- [RECORD EXTRACTS]:
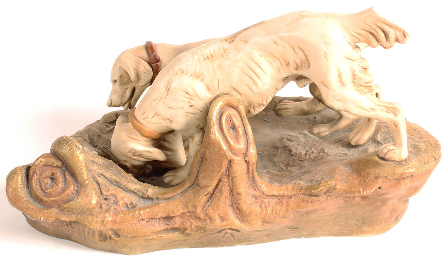 Ceramic Two English Seters on point, both tails have broken off, 10'' x 6'' tall. Grade: Very Good - Value: 10 to 100
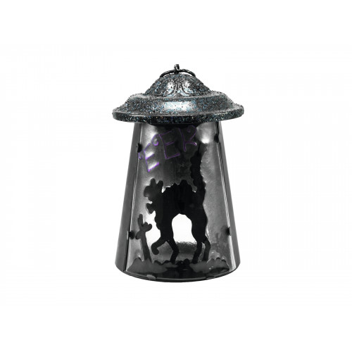 Durch ein in Echtglas eingearbeitetes Geisterhaus-Motiv ist die Metall-Laterne von Europalms ein ech..
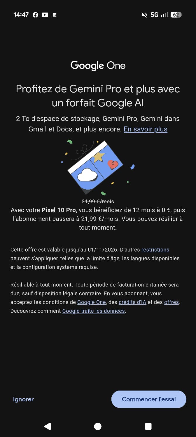 - Bonus Google One : 2 To de stockage + Gemini avancé inclus (même si moins généreux qu’avant).
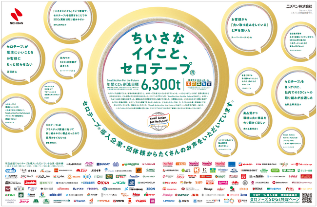 当社では、セロテープ(R)がサステナブルな製品であることから、全国の企業や小売店が使用しているテープをセロテープ(R)に変えるだけの小さなアクションで、環境課題に貢献できることを知っていただくために「Small Action For the Future」という活動を推進しています。本広告では、この活動に賛同いただき、セロテープ(R)を導入している企業・団体様にアンケートを実施し、ご回答いただいたコメントをご紹介しています。
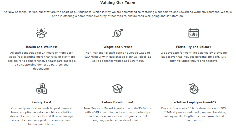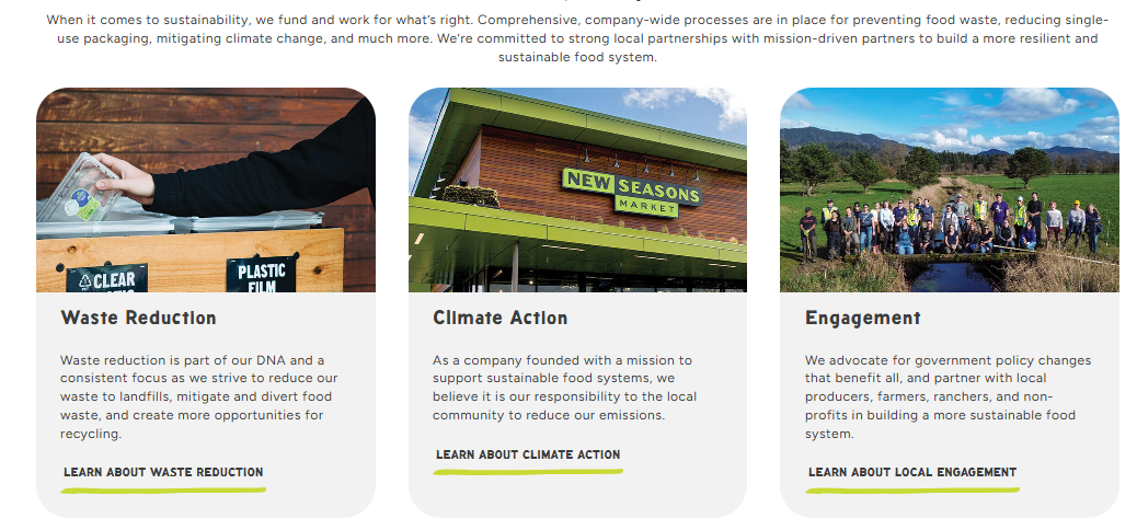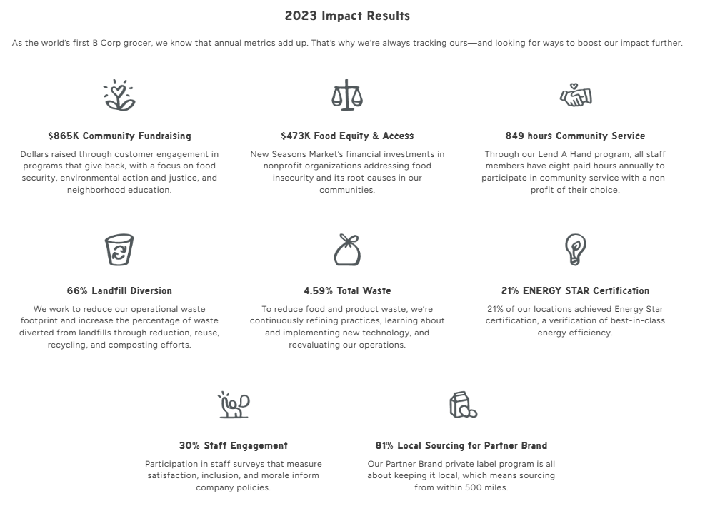 한국에서는 S(사회)와 관련하여 기업의 보여주기식 지역봉사, 기부 등을 주로 얘기하지만 미국의 지역기업들조차도 Social impact 측면에서 기업의 임직원의 발전이 기업의 발전과 함께함을 가정하며 가장 먼저 제시하는 것은 시간당 임금, 임금의 발전가능성, 휴가 관련 제도, 육아 관련 제도 등을 명확하게 제시한다. 거버넌스 측면에서도 다양한 강점을 제시하며 배당금의 분배, 의사결정의 투명성, 세금을 투명하게 잘 낸다는 것도 주요 강조 포인트 중 하나이다. 환경 측면에서 업사이클링, 용수관리, 재생에너지 활용 비율 등도 기본적으로 제시하고 있다. 이때 중요한 점은 대부분의 활동들은 '구체적인 숫자'로 제시된다는 것이다. 아래는 본인이 거주하고 있는 오레건주 포틀랜드시에서 시작한 로컬의 식품, 제품을 주로 다루고 있는 New Seasons Market이라는 지역 슈퍼마켓 체인의 내외부 Impact와 내부 직원에 대한 노력에 관한 공개 자료이다. 이 밖에 지역 기업이면서 글로벌 기업인 Columbia, Nike, Intel과 같은 대기업들은 더욱, 매우 자세하게 제시하고 있다.
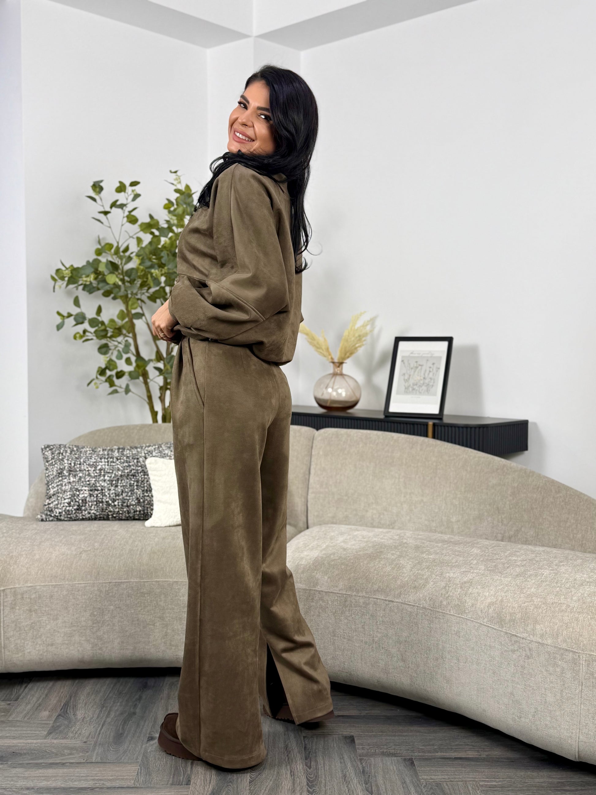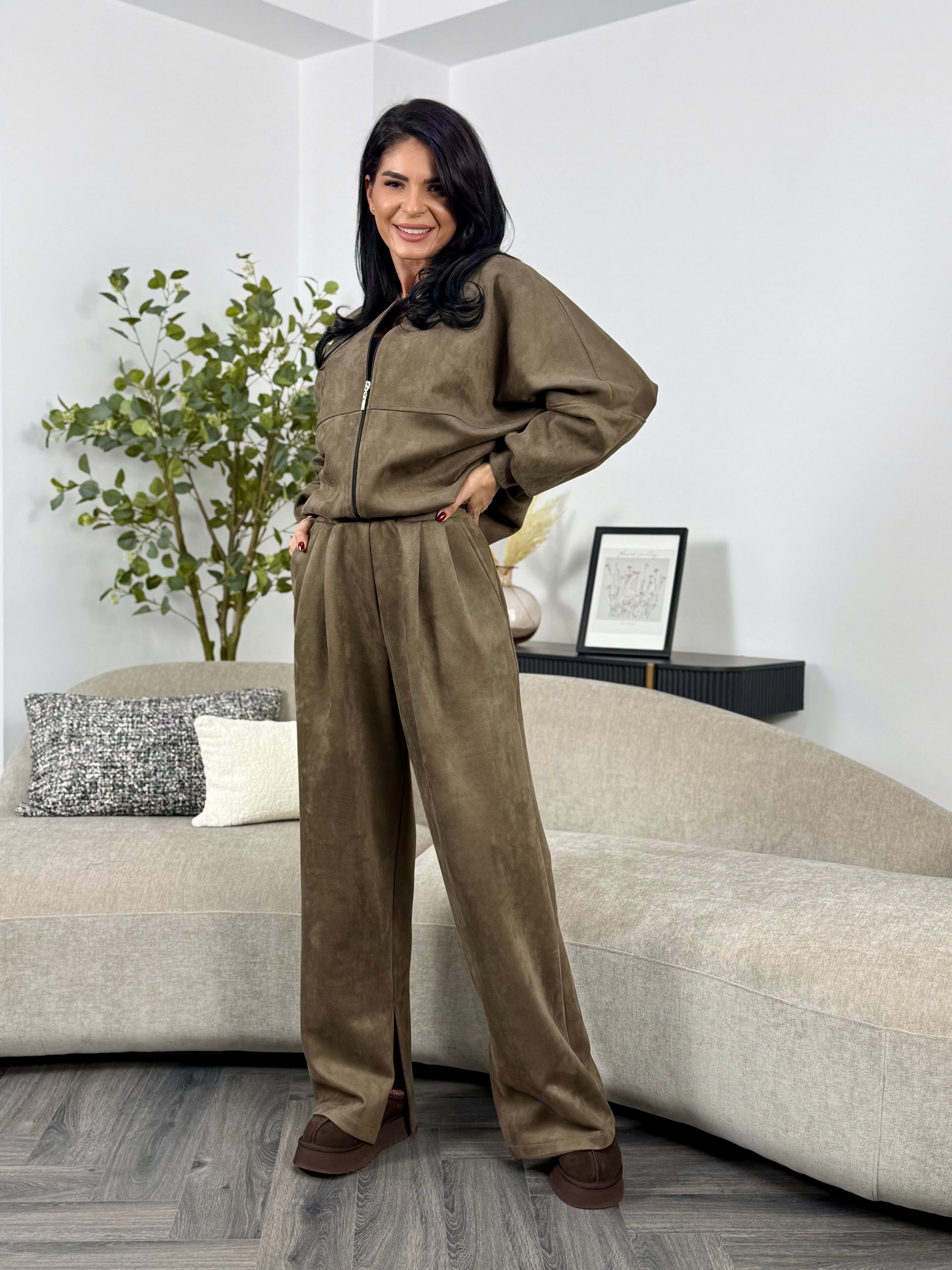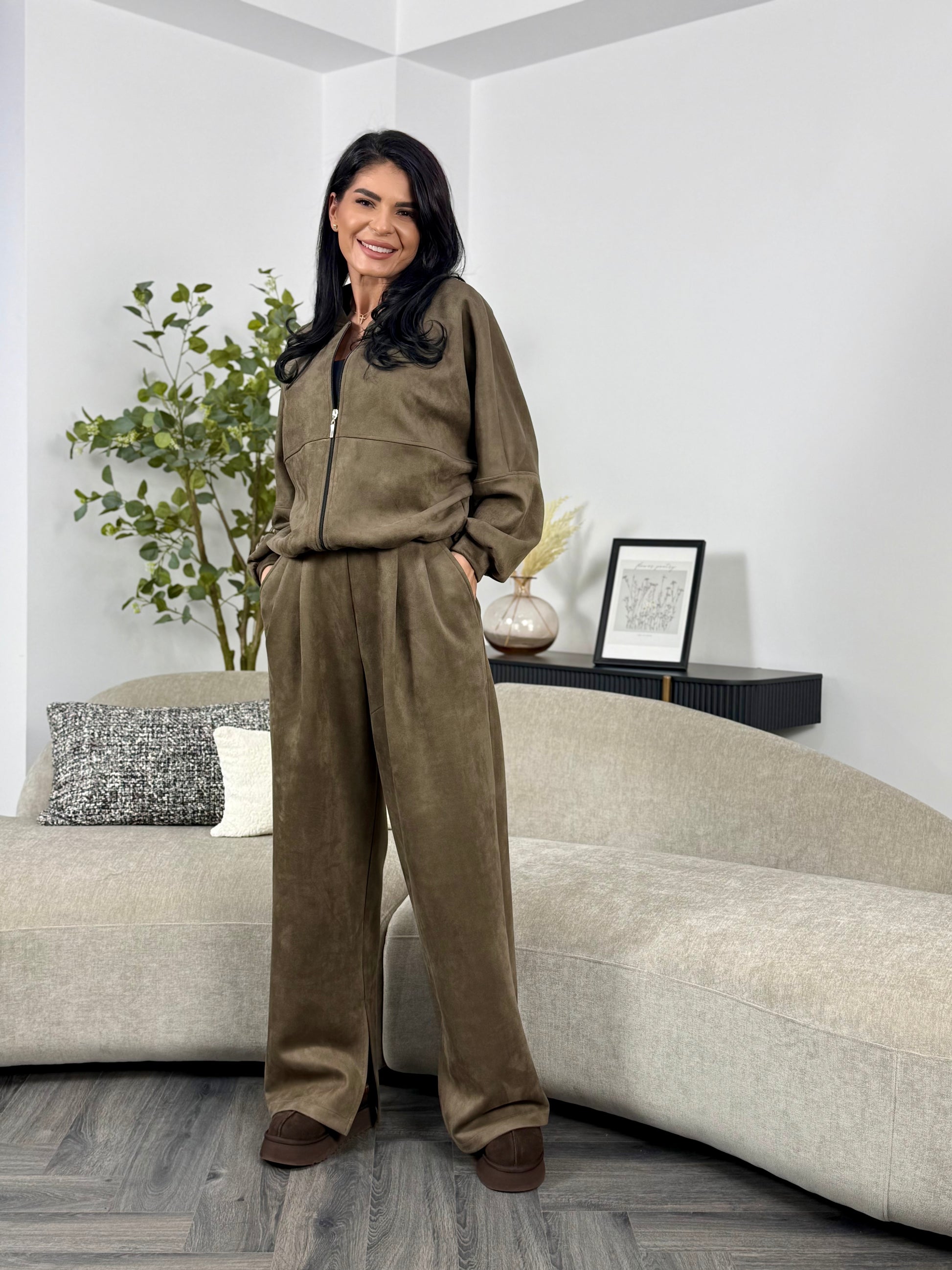 Un outfit modern si rafinat, realizat dintr-un material moale, de tip imitatie piele intoarsa, cu textura catifelata si placuta la atingere. Bluza are croiala lejera, cu fermoar frontal si detalii care adauga un aer practic. Pantalonii au talie medie/inalta , elastica, pense in zona spatelui, croi lejer.
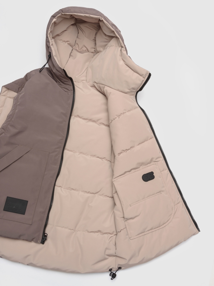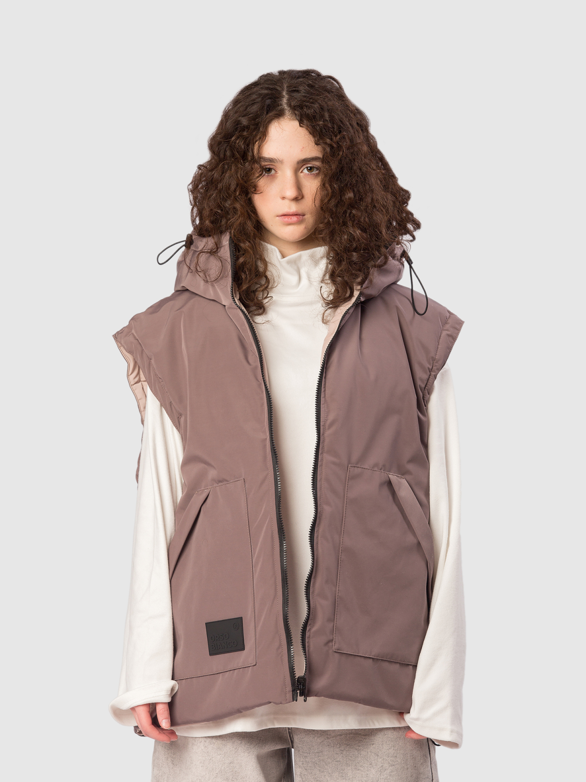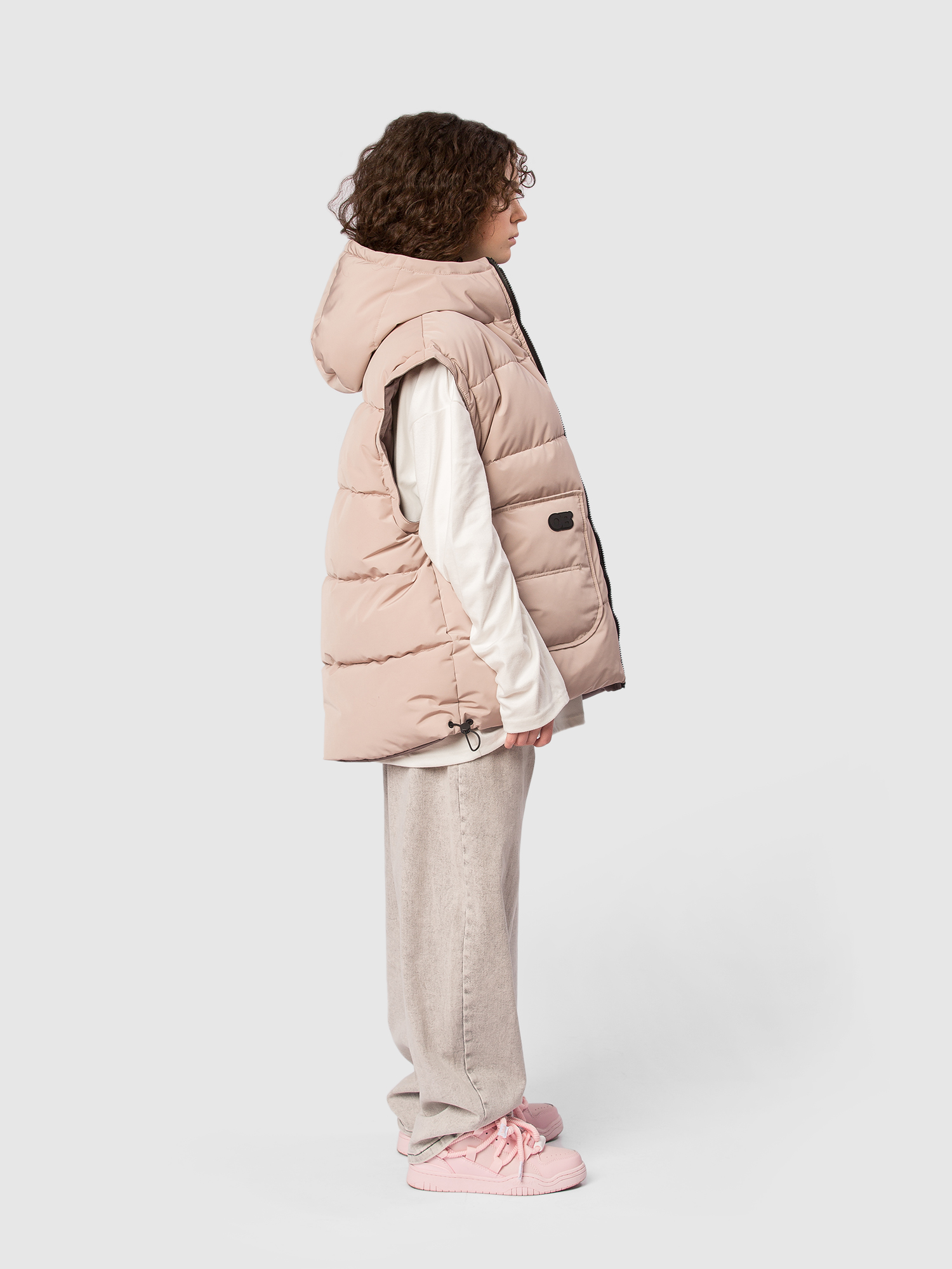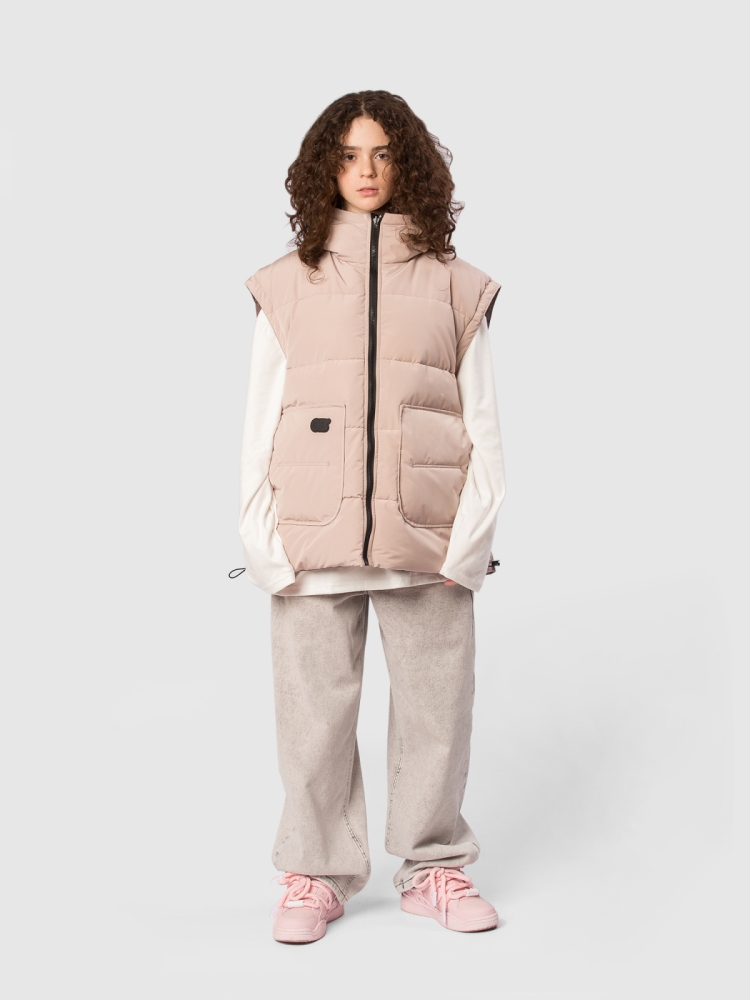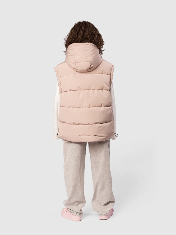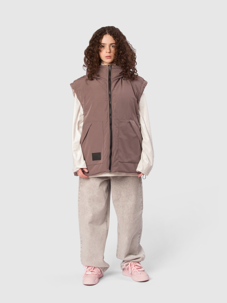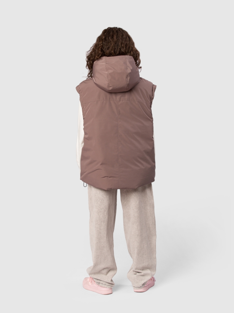 Двусторонняя жилетка для девочки-подростка с современным оверсайз-кроем и функциональностью, которая сочетает стиль и практичность на каждый день. Ткань с водоотталкивающей пропиткой защищает от легкого дождя и снега, сохраняя комфорт внутри. Утеплитель синтепух 150 г обеспечивает оптимальную теплоизоляцию без лишнего объёма, подходит для прохладной погоды и активных прогулок. Глубокий капюшон с регулировкой кулиской и стопперами надежно фиксирует посадку и защищает голову от ветра. Застежка на молнию с перекидным пуллером обеспечивает удобство одевания и возможность вентиляции по необходимости. На каждой стороне — два глубоких кармана для мелочей, теплых рук и смартфона. По низу изделия предусмотрена кулиска со стопперами, благодаря чему можно регулировать объём и посадку по фигуре и условиям погоды. Глубокая пройма обеспечивает свободу движений и комфорт при активной носке, независимо от типа активности ребёнка. Две яркие нашивки-логотипа бренда с обеих сторон добавляют стильный акцент и узнаваемость продук

- [ASSIGNMENT]:
Reproduce, word for word, only the lines in the records above from the line with "한국에서는 S(사회)와 관련하여" through the line with "Un outfit modern", including both ends; omit the pictures.

- [WRITTEN RESPONSE]:
 한국에서는 S(사회)와 관련하여 기업의 보여주기식 지역봉사, 기부 등을 주로 얘기하지만 미국의 지역기업들조차도 Social impact 측면에서 기업의 임직원의 발전이 기업의 발전과 함께함을 가정하며 가장 먼저 제시하는 것은 시간당 임금, 임금의 발전가능성, 휴가 관련 제도, 육아 관련 제도 등을 명확하게 제시한다. 거버넌스 측면에서도 다양한 강점을 제시하며 배당금의 분배, 의사결정의 투명성, 세금을 투명하게 잘 낸다는 것도 주요 강조 포인트 중 하나이다. 환경 측면에서 업사이클링, 용수관리, 재생에너지 활용 비율 등도 기본적으로 제시하고 있다. 이때 중요한 점은 대부분의 활동들은 '구체적인 숫자'로 제시된다는 것이다. 아래는 본인이 거주하고 있는 오레건주 포틀랜드시에서 시작한 로컬의 식품, 제품을 주로 다루고 있는 New Seasons Market이라는 지역 슈퍼마켓 체인의 내외부 Impact와 내부 직원에 대한 노력에 관한 공개 자료이다. 이 밖에 지역 기업이면서 글로벌 기업인 Columbia, Nike, Intel과 같은 대기업들은 더욱, 매우 자세하게 제시하고 있다.
 Un outfit modern si rafinat, realizat dintr-un material moale, de tip imitatie piele intoarsa, cu textura catifelata si placuta la atingere. Bluza are croiala lejera, cu fermoar frontal si detalii care adauga un aer practic. Pantalonii au talie medie/inalta , elastica, pense in zona spatelui, croi lejer.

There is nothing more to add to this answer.